Strengths and weaknesses

The SpineData registry has a number of strengths. It is a consecutive cohort of all patients referred to a regional secondary care center, which improves it generalizability. It is a large, comprehensive dataset covering all three spinal areas (neck, mid-back, low back). The recording of each patient’s central person registration number facilitates data linkage with other Danish registries. The size of the dataset improves the capacity to study rare events.

This registry also has a number of weaknesses. Firstly, less than half the patients complete follow-up questionnaires and although we could only find evidence of attrition bias in one outcome at one time point, there were differences in the baseline characteristics of responders and nonresponders.

In addition, although we have conducted periodic staff training that details the reasons underpinning the clinical examination procedures used by clinicians, the quality assurance of data collected by clinicians in daily routine care is not strictly standardized and may be different from that collected in a discrete research project.30 For example, that staff training included reaching a consensus about which methods for performing a neurological examination would become the departmental standard and how the results would be quantified. For instance, the sequence of physical components of the Straight Leg Raise Test that would be used, given the diverse ways that this test has been described, and what specifically would indicate a positive test result. However, in contrast to a research project, individual clinicians in routine care are not monitored for adherence to that department standard.

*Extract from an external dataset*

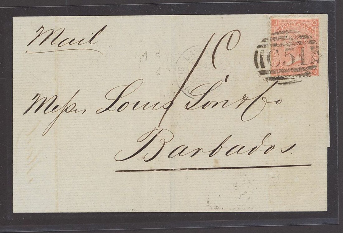 1866 (16 Mar.) entire letter to Barbados, bearing GB 1865 4d. vermilion plate 7 tied by neat "C51" obliterator, showing manuscript "1" and with faint despatch c.d.s. The reverse with arrival (13.3) c.d.s. A couple of usual archive folds still an attractive item.

Similarly, routine data collection is different from collecting data to answer a specific research question, as it involves a trade-off between using detailed and validated questionnaires and being able to cover a number of potentially important aspects of spinal pain. For example, in the SpineData registry, we use one-item and two-item screening questions to assess the psychosocial constructs of depression, anxiety, fear of movement, pain catastrophization, and social isolation. Although these screening questions have known concurrent validity in this clinical setting,21 relative to full reference standard questionnaires, their relative responsiveness is unknown.

Conclusion

The SpineData registry contains data from a large and comprehensive observational cohort of consecutive patients attending a nonsurgical hospital department for the multidisciplinary assessment of chronic spinal pain. It contains detailed baseline and outcomes data on a broad range of biopsychosocial factors. For epidemiology research, these data can be linked, at an individual patient level, to the Danish population-based registries and the national spinal surgery registry. SpineData is also a potential setting in which to conduct cohort multiple randomized controlled trials. Collaborations with other researchers are welcome.